Being five means repeating “I’m gonna shake my butt”…while shaking your butt…is hysterical. It is even funnier when you can get an 84-year-old woman to shake her butt and chant with you. Being five means singing Christmas songs at the top of your lungs…in late January.

Being five means it’s okay to be really really excited about your birthday months ahead of time. You can ask for specific gifts and you can declare you want a banner saying happy birthday…in a home other than your own. Being five means you can invite your babysitter to your party and also remind her to go to your house right after school to help clean up the outside toys before the snow storm.

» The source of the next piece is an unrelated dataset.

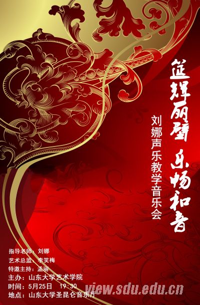 一、演出时间:2015年5月25日(周一)晚19:30 二、演出地点:山东大学圣昆仑音乐厅 三、指导老师:刘娜

Being five in suburbia means public buses are mysterious, and the Metro Card on the bus sign is coveted. Being five means walking backwards is a blast and jumping off low walls is “so dangerous”…so dangerous that a hug is in order once you land safely. Being five means you give and get lots of hugs.

Being with a five year old is magical.

I hope my kids remember the every day joy of being five. When jumping into my arms was the safest place in the world. When building, crafting, baking, playing, reading, and swinging was their job and night time giggles filled our souls.

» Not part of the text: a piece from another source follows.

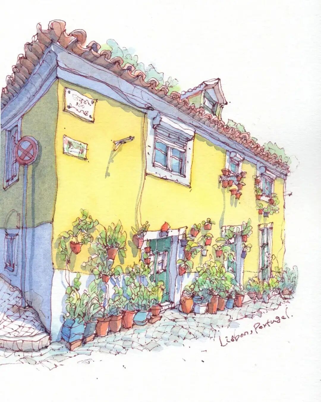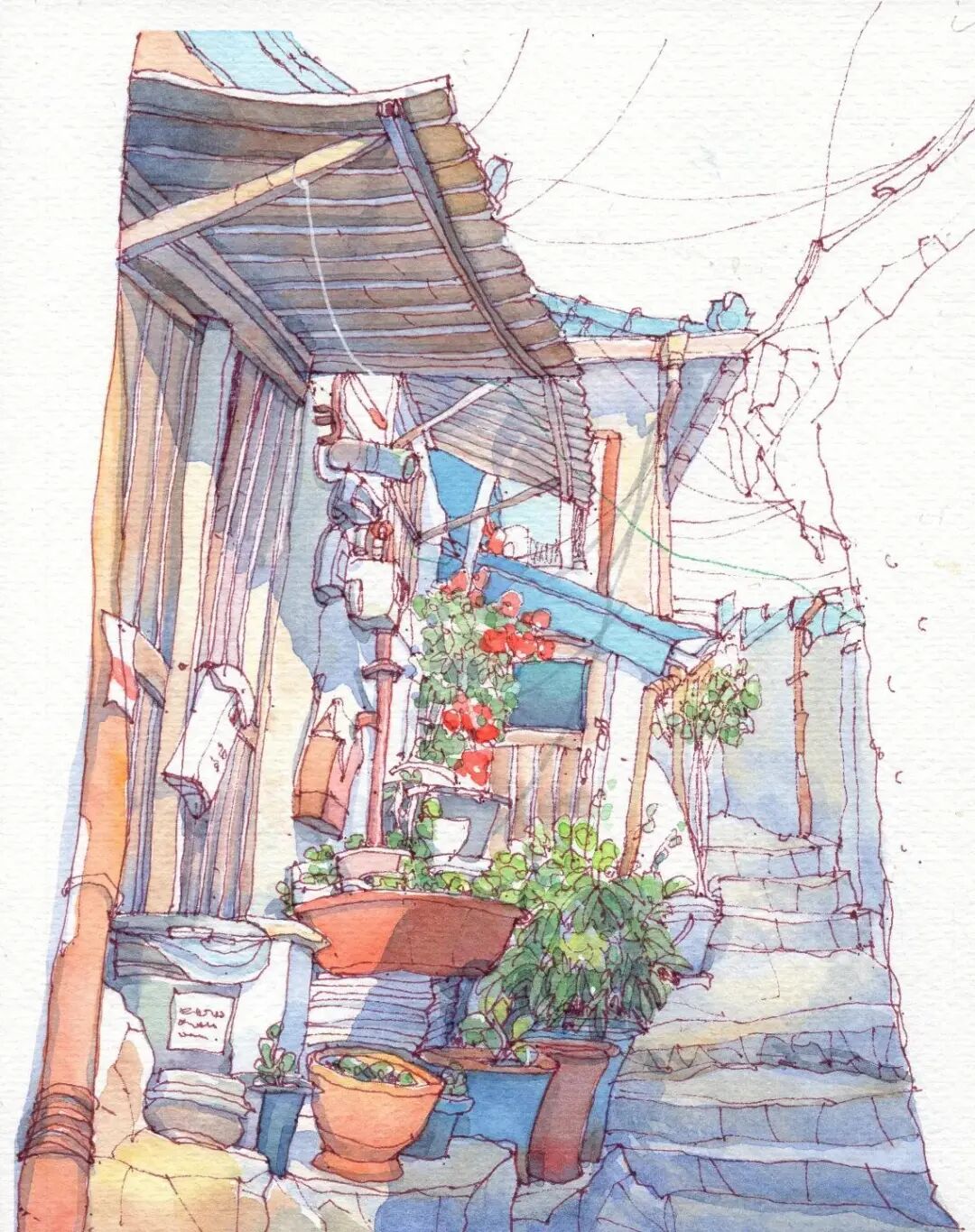 Record the flowers and plants in front of the house on drawing paper,

As my daughter listens to our banter and watches us play before running out the door to work, I hope she remembers I did the same for her…when she was five.

January

A Roz Chast cartoon was being forwarded on social media last week, A Year-At-A-Glance pie chart. January is the biggest piece, February is a bit smaller, then March, April, and so on. November and December are barely there, slivers in time, gone in a blink.

January, not much to look forward to, the coldest of the cold ahead. Snow shoveling and frigid walks, long gray days. Oh January, does anyone like you?

I blame everything on the month at this time of year… it was January’s fault that my Zoom stopped working. An exercise Zoom scheduled with friends, I was a gray rectangle…a meeting with clients, still a gray void. Following advice from online geniuses (try restarting the computer) I got the camera working again…and there I was…upside down and silhouetted in space.

This is Major Tom to Ground ControlI’m stepping through the door…And I’m floating in a most peculiar way…And the stars look very different today…

Thinking about David Bowie, sigh…he died in January…of course he did.

January, means a plethora of annual doctor appointments for me. Scheduled with a why not, there is nothing else going on attitude. Doctors investigating every orifice of my body…for a month straight…not the best plan. My mouth has a temporary crown, my right breast has been abused by numerous sonogram machines, and the rest I will just keep to myself.

My dentist is a great guy. He and his wife welcome each patient as they arrive. The dog in the waiting room in front of the electric fireplace of “crackling wood”. There is soft recognizable music playing and pictures of their daughters on the mantle. They go out of their way to make everyone feel comfortable. Heaven. Today I looked at the poor man and said, I’m sorry, I hate to be rude but I really don’t want to be here and I need to put in my earphones before you start drilling, the sounds make me so sick, I like YOU but I really really hate being here. Laughing, he told me he has heard it all and has developed a thick skin. I wonder if January knows most people hate it? I wonder if it sends us snow storms in retaliation for our disdain.

Poor January.

With a restart AND a reinstall…Zoom was back and I was no longer floating in space.
That is my slaphappy borderline going insane face, my family knows it well.